**Work to complete**
Nothing but the lines from the one containing "Eight miles west" to the end of the records that follow should be transcribed, each exactly, with the pictures left out.
━━━━━━━━━━
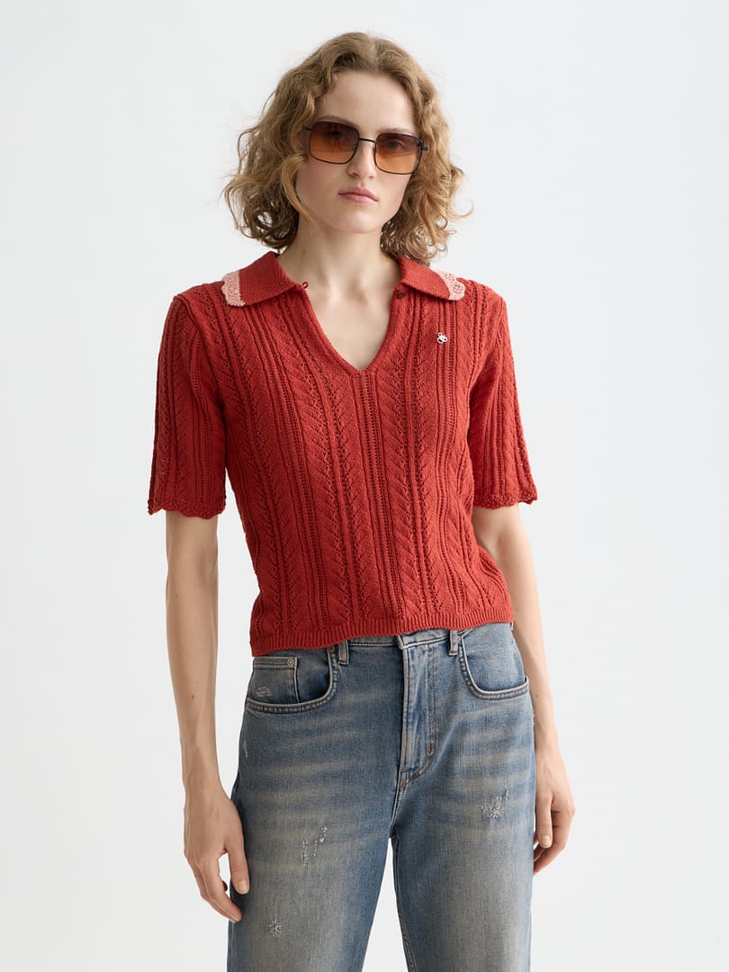 This knit polo features delicate pointelle texture and a classic collar, balancing softness with structure.
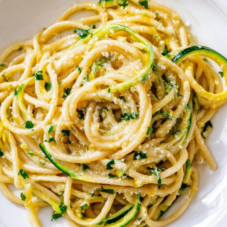 Save My neighbor Rosa handed me three enormous zucchinis over the fence one July morning, laughing about her garden's overachievement. I had pasta in the cupboard, a lemon on the counter, and no plan for dinner. What started as improvisation turned into something I crave on repeat: bright, buttery, and impossibly simple. The zucchini ribbons soften just enough to tangle with the spaghetti, and the lemon cuts through the richness in a way that feels almost medicinal after a long day.
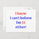 I know, I can't believe I'm 55 either! Humorous design for the 55 year old who knows they don't look 55. Makes a great 55th birthday gift.
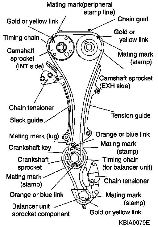 - There may be two color variations of the link marks (link colors) on the timing chain.
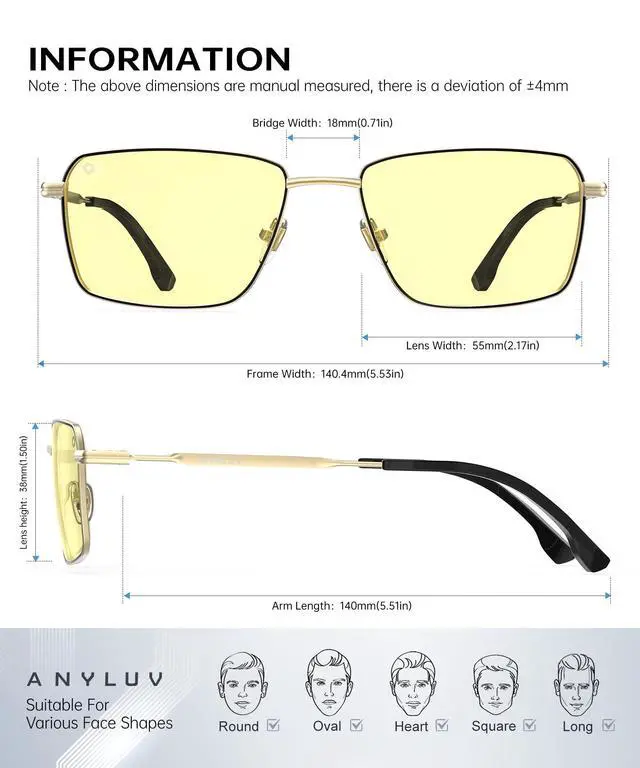 LIGHTWEIGHT & ALL-DAY COMFORT: ANYLUV Blue light glasses Crafted by Metal frames and flexible hinges, These blue light glasses for men provide a snug, pressure-free fit. Soft silicone nose pads prevent slipping, making them ideal for extended screen time at work, gaming marathons, or nighttime driving. ^^
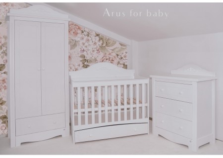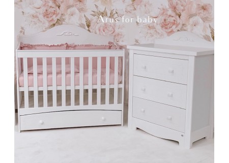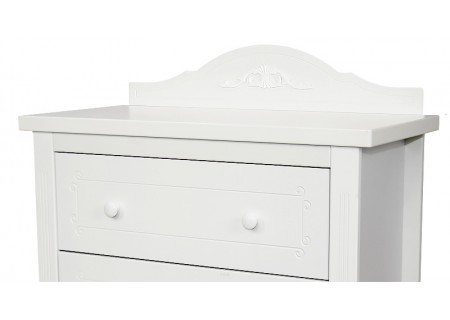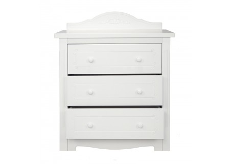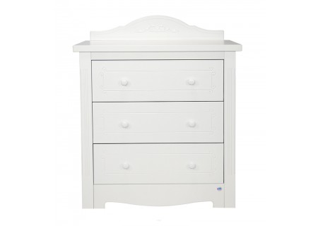 Komoda wykonana została w całości z płyty meblowej i płyty MDF w białym kolorze , stanowi idealna parę do łóżeczka AMELIA
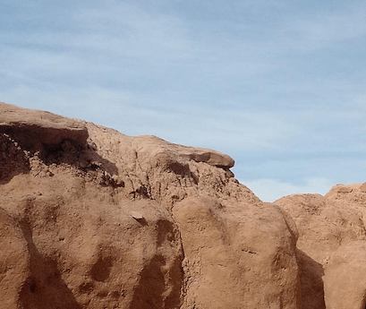 Eight miles west of Turpan, still in the oasis, is the ancient ruined city of Jiaohe. It is in the confluence of two rivers (Jiaohe means ‘the city of joining rivers’) and surrounded by greenery. Yet the city itself is nothing but golden sand and ruined sandy walls.
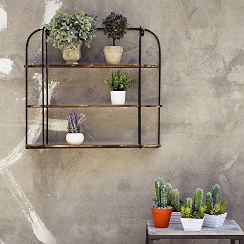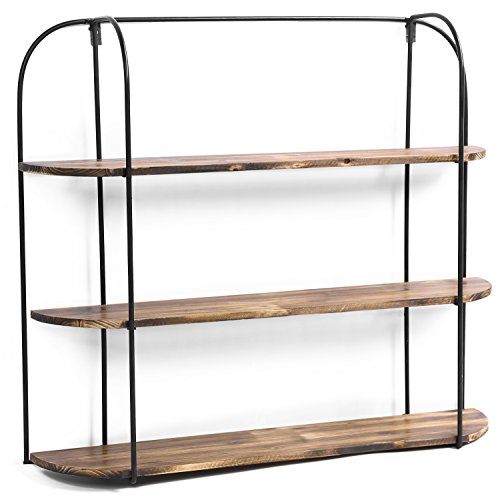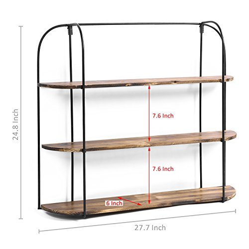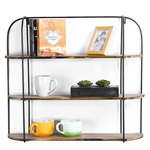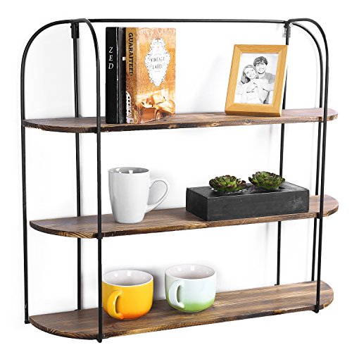 MyGift 3-Tier Wall Mounted Industrial Rustic Wooden Shelving Display Rack
━━━━━━━━━━
**Problem solution**
 Eight miles west of Turpan, still in the oasis, is the ancient ruined city of Jiaohe. It is in the confluence of two rivers (Jiaohe means ‘the city of joining rivers’) and surrounded by greenery. Yet the city itself is nothing but golden sand and ruined sandy walls.
 MyGift 3-Tier Wall Mounted Industrial Rustic Wooden Shelving Display Rack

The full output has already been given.